13. A device in accordance with claim 12, wherein the signal processing means produces an alarm signal in response to a change of the physiological condition index.

14. A device in accordance with claim 1, further comprising:

data storage carried by the pad and electrically coupled to the signal processing means.

15. A device in accordance with claim 1, wherein the at least one physiological sensor is adapted to monitor one of at least heart rate, oxygen level, respiration rate, body temperature, cholesterol level, blood glucose level, galvanic skin response, electrophysiology, blood pressure, or combinations thereof.

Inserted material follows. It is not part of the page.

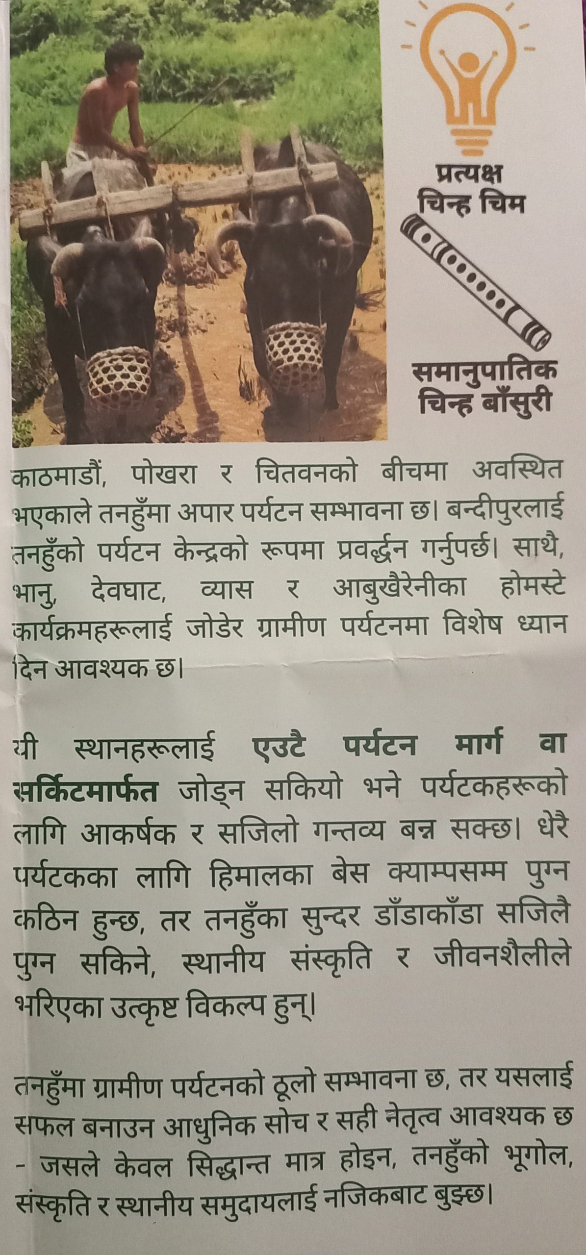 प्रहार समाचार । तनहुँ, ९ फागुन २०८२ शनिबार । आसन्न प्रतिनिधि सभा निर्वाचनका लागि तनहुँ–१ बाट उम्मेदवारी दिएका मन्जिल रानाले जीवन भोगाइबाट जन्मिएको घोषणापत्र सार्वजनिक गरेका छन्। ‘तनहुँको पीडा किताबमा होइन, आफ्नै आँखाले देखेको छु’ भन्ने मूल सन्देशसहित सार्वजनिक घोषणापत्रमा उनले किसान, उपभोक्ता, शिक्षा, रोजगारी र पर्यटनलाई एउटै शृङ्खलामा जोडेर आफ्नो दृष्टिकोण अघि सारेका छन्।

16. A self-contained monitor device configured to monitor at least one physiological parameter of a subject, the device comprising:

a) a pad;

b) at least one physiological sensor carried by the pad;

c) a signal processing means carried by the pad and coupled to the at least one physiological sensor for processing a signal from the at least one physiological sensor;

d) an indicator carried by the pad and electrically coupled to the signal processing means;

e) a power source carried by the pad and electrically coupled to at least one of the at least one physiological sensor, the signal processing means, and the indicator; and

f) an adhesive disposed on the pad to secure the pad and the at least one physiological sensor to a subject's skin.

17. A device in accordance with claim 16, wherein the pad includes a plurality of layers stacked together, including at least: the adhesive layer, a circuit layer including the signal processing means and a cover layer.

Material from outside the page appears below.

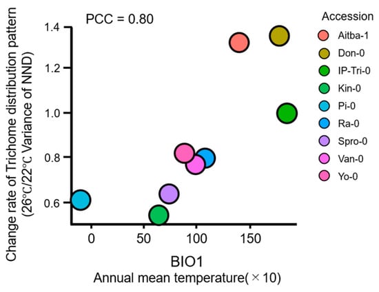 To evaluate the relationship between gene expression variation and environmental factors, we used the BioClim data set, which comprises 19 global land surface datasets (Table 2) [,]. Since Col and Ler have been grown under experimental conditions for more than 70 years, we excluded Col and Ler in this analysis. We calculated the ratio of variance at 26 °C to that at 22 °C. When gene expression variation increased under mild heat, the ratio of variances increased beyond 1.0. We analyzed the ratio of variances of 11 accessions and compared these ratios with BioClim indices (Figure S5). We found that three indices (BIO1, BIO10, and BIO11) showed significant positive correlations with the ratio of variances of NND. Interestingly, all of these three indices represent mean temperature under certain conditions. In particular, BIO1, the index of the mean of annual temperature, was positively correlated with the variability in the trichome distribution patterns (Figure 8). These results demonstrate a strong relationship between gene expression variation and environmental factors, especially temperature, suggesting that temperature affects gene expression variations.

18. A device in accordance with claim 16, wherein the signal processing means generates at least one physiological value; and wherein the indicator further includes a graphical display to display the at least one physiological value.

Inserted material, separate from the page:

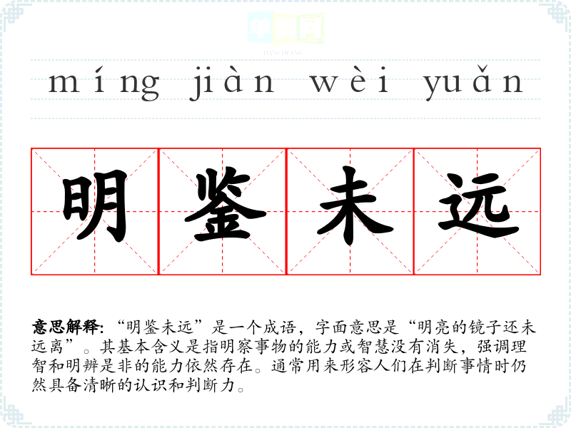 “明鉴未远”是一个成语,字面意思是“明亮的镜子还未远离”。其基本含义是指明察事物的能力或智慧没有消失,强调理智和明辨是非的能力依然存在。通常用来形容人们在判断事情时仍然具备清晰的认识和判断力。

19. A device in accordance with claim 16, wherein the signal processing means generates a physiological condition index based on at least one physiological parameter; and wherein the indicator includes a graphical display to display the pathology physiological condition index; and wherein the signal processing means produces an alarm signal in response to a change in the physiological condition index.

20. A method for monitoring a physiological parameter of a subject, comprising:

adhering an adhesive layer carried by a pad of a self-contained monitor device on skin of a subject;

causing the monitor device to power from a power source carried by the pad of the self-contained monitor device, and causing at least one physiological sensor carried by the pad and to sense at least one subject physiological parameter and generate a physiological signal, and causing a signal processor carried by the pad and coupled to the at least one physiological sensor to process the physiological signal; and

perceiving an output of an indicator carried by the pad and electrically coupled to the signal processor.